Original data: f-measure=4.02, pvalue=0.021422.

Sample means data: f-measure=29034, pvalue=0.0.

The sample means data is a way more clear-cut case, does this mean that I've "tampered" with the data?

Can I do these operations using sample means?


1 Answer 1


Can I do a t-test to check whether my sample of test scores are significantly higher than that benchmark score?

Ignoring that there are really 3 sub populations within your sample of 86, yes you can. The central limit theorem provides the normality requirement for this test. I would use something like Welch's t-test and opt not to pool the variance. From a cursory look, it doesn't appear your sample and the benchmark have the same variance though I haven't computed confidence intervals for the variance estimate of your sample. In any case, assuming the variances are different and using something like Welch's test shouldn't impact power in a huge way.

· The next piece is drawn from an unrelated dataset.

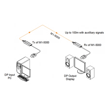 M1-5000 – оптоволоконный гибридный кабель для передачи сигналов интерфейса DisplayPort. Кабель содержит четыре оптических и пять экранированных медных жил, заключенных в общую негорючую ПВХ-оболочку. На концах кабеля установлены миниатюрные модули, выполняющие преобразование сигналов интерфейса DisplayPort для передачи и приема по оптоволоконной линии. Данные каналов интерфейса передаются по четырем многомодовым оптоволоконным жилам, обеспечивающим пропускную способность до 2,7 Гбит/с на канал. Таким образом, обеспечивается передача сигналов компьютерной графики с разрешением до 2560x1600 с частотой обновления 60 Гц и 36-разрядной глубиной кодирования цвета. Сигналы сервисного канала передаются по медным проводникам, обеспечивая поддержку VESA-спецификаций для EDID и MCCS-стандартов. Кабели M1-5000 с поддержкой передачи данных сервисного канала выпускаются в ассортименте длин от 10 до 100 м, другие варианты доступны под заказ.

am I massaging the statistics here?

It sounds like you are doing something similar to bootstrapping here but I can't be sure. There really is no need here for resampling techniques, though I suppose you could do them.

Can I do these operations using sample means?

Again, I don't think there is a need to perform resampling here. ANOVA, if I recall, is fairly robust to departures from normality so it is probably best to just use your raw data to compute the test.

Are you able to share your data and give us a little background on the problem you are trying to solve? If not, can you provide a reasonable looking fake dataset?


OK, looking over your data here are my thoughts. The scores look to me to be some sort of grade out of 100. An ANOVA (which uses a gaussian likelihood) could still be used but I think it might be better to use something which respects the support of the data. Consequently, I will be using a beta regression.

Fitting the model is easy in something like R. I've compared a model with and without your group variable using the likelihood ratio test; there seems to be something in the group variable which helps explain the observed variation. The estimated means are 74.7, 70.0, and 81.0 for the little, experienced, and no groups respectively.

Here is a plot of the estimated means along with confidence intervals from the model. From the model, it looks like the means between the no group and the experienced group are significant, but the difference between little and experienced is not.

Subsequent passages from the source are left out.